Global AI Spending Surge to $500 Billion May Be Masking Deeper Economic Weakness, Economists Warn

By Harshit WASHINGTON — October 14, 2025

Global artificial intelligence spending is projected to soar to $375 billion in 2025 and surpass $500 billion by 2026, fueling GDP growth and investor optimism across markets. But beneath the surface, economists are warning that this AI-driven boom may be propping up an otherwise fragile global economy, raising fears of overreliance on technological investment to sustain growth.


AI Boom Reshapes Global Capital Flows

According to UBS, the rapid surge in AI investment is transforming economic priorities worldwide, shifting capital toward data infrastructure, cloud computing, and energy systems capable of supporting large-scale machine learning operations.

“It’s the start of trillions being spent in the buildout of the fourth Industrial Revolution,” said Dan Ives, managing director at Wedbush Securities. “Big Tech is doing the equivalent of building Las Vegas in the 1950s or Dubai 30 years ago — turning empty sand into the foundation of the future economy.”

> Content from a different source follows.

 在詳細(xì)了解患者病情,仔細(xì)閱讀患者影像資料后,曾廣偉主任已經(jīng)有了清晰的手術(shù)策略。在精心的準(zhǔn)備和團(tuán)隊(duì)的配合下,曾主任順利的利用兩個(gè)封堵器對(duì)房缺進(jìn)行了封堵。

Ives compared the current expansion to a massive infrastructure wave — from semiconductors to data centers — that could redefine how consumers and corporations interact with technology.


Economists Sound Recession Alarms

Despite the optimism, not everyone is convinced the boom is sustainable. A September 2025 analysis by Deutsche Bank warned that without AI-related investment, the U.S. economy might already be in recession.

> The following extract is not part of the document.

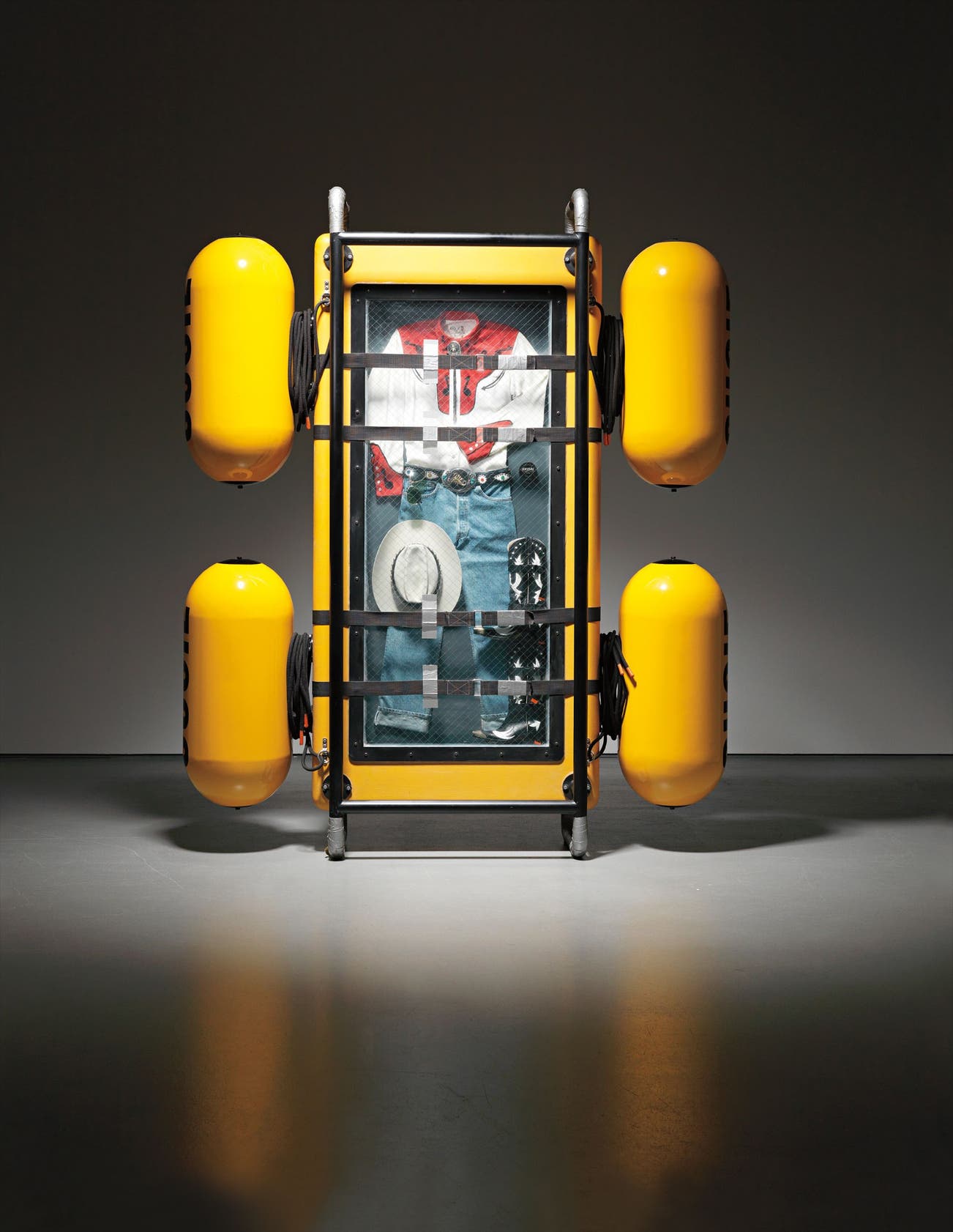 cowboy suit, glass, aluminum, wood, caulk, fiberglass, enamel, canvas webbing, gaffa tape

“GDP is being driven by all this investment,” said Barry Knapp, managing partner at Ironsides Macroeconomics. “Earnings growth is being driven by all this investment. The S&P 500 is pretty unbalanced right now. That creates vulnerability to an investment bust — especially at a time when government spending has exploded to unprecedented levels.”

Knapp cautioned that an overconcentration of capital in AI infrastructure could distort real economic fundamentals. If companies scale back investment or face a liquidity crunch, growth could stall abruptly, exposing deeper weaknesses in employment and consumer demand.


Dot-Com Parallels — With a Modern Twist

Many market observers have drawn comparisons to the dot-com bubble of the late 1990s. However, today’s AI leaders — including Nvidia, Microsoft, and Alphabet — differ from their internet-era predecessors in one crucial way: they are already profitable.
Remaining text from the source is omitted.